Supplied material:
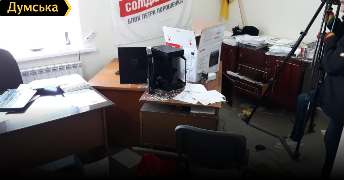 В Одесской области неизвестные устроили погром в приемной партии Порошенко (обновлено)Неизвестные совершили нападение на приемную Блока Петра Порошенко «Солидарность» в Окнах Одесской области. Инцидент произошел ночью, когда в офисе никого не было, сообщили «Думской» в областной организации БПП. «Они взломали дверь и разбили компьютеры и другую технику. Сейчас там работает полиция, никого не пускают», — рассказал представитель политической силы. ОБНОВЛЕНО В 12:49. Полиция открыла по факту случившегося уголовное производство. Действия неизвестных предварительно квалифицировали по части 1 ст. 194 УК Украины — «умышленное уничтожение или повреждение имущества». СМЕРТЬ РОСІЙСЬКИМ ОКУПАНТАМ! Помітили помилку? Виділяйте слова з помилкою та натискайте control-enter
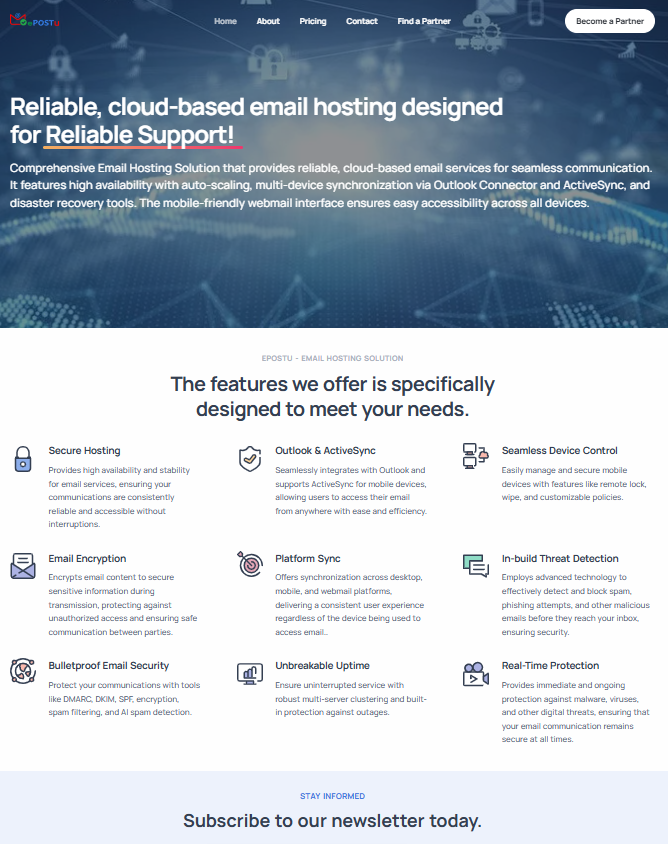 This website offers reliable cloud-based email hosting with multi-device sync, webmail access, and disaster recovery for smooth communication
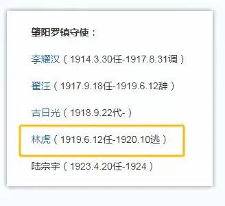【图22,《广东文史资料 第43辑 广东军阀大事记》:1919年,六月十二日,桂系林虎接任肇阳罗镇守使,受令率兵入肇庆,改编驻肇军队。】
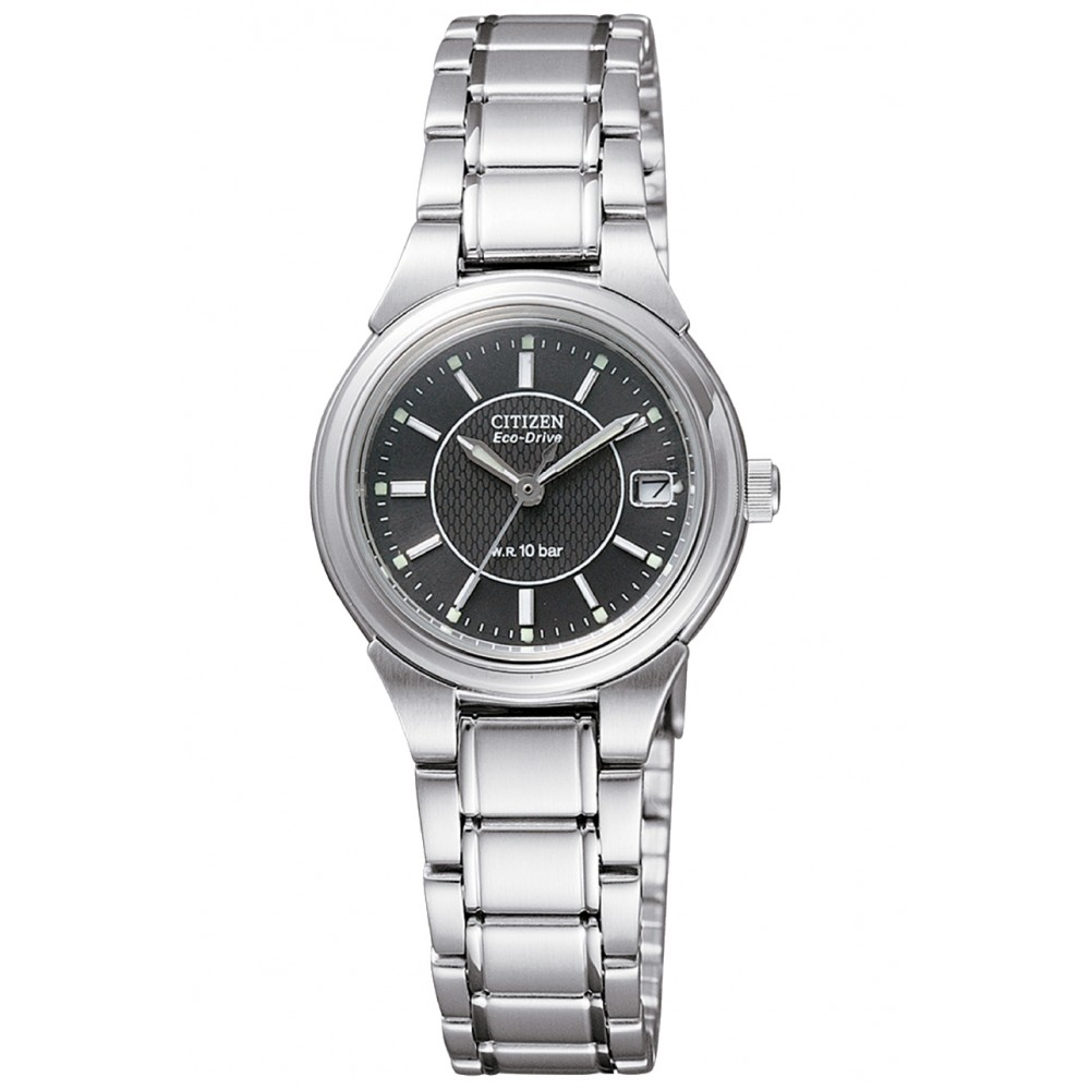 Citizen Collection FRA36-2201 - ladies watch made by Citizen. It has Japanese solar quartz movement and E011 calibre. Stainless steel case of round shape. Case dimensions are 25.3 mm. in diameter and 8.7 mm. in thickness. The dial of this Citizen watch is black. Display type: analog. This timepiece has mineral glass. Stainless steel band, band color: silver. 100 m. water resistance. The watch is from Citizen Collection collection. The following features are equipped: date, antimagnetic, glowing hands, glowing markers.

Activity:
Without any pictures, transcribe the listing above exactly as written.

Solved exercise:
 В Одесской области неизвестные устроили погром в приемной партии Порошенко (обновлено)Неизвестные совершили нападение на приемную Блока Петра Порошенко «Солидарность» в Окнах Одесской области. Инцидент произошел ночью, когда в офисе никого не было, сообщили «Думской» в областной организации БПП. «Они взломали дверь и разбили компьютеры и другую технику. Сейчас там работает полиция, никого не пускают», — рассказал представитель политической силы. ОБНОВЛЕНО В 12:49. Полиция открыла по факту случившегося уголовное производство. Действия неизвестных предварительно квалифицировали по части 1 ст. 194 УК Украины — «умышленное уничтожение или повреждение имущества». СМЕРТЬ РОСІЙСЬКИМ ОКУПАНТАМ! Помітили помилку? Виділяйте слова з помилкою та натискайте control-enter
 This website offers reliable cloud-based email hosting with multi-device sync, webmail access, and disaster recovery for smooth communication
【图22,《广东文史资料 第43辑 广东军阀大事记》:1919年,六月十二日,桂系林虎接任肇阳罗镇守使,受令率兵入肇庆,改编驻肇军队。】
 Citizen Collection FRA36-2201 - ladies watch made by Citizen. It has Japanese solar quartz movement and E011 calibre. Stainless steel case of round shape. Case dimensions are 25.3 mm. in diameter and 8.7 mm. in thickness. The dial of this Citizen watch is black. Display type: analog. This timepiece has mineral glass. Stainless steel band, band color: silver. 100 m. water resistance. The watch is from Citizen Collection collection. The following features are equipped: date, antimagnetic, glowing hands, glowing markers.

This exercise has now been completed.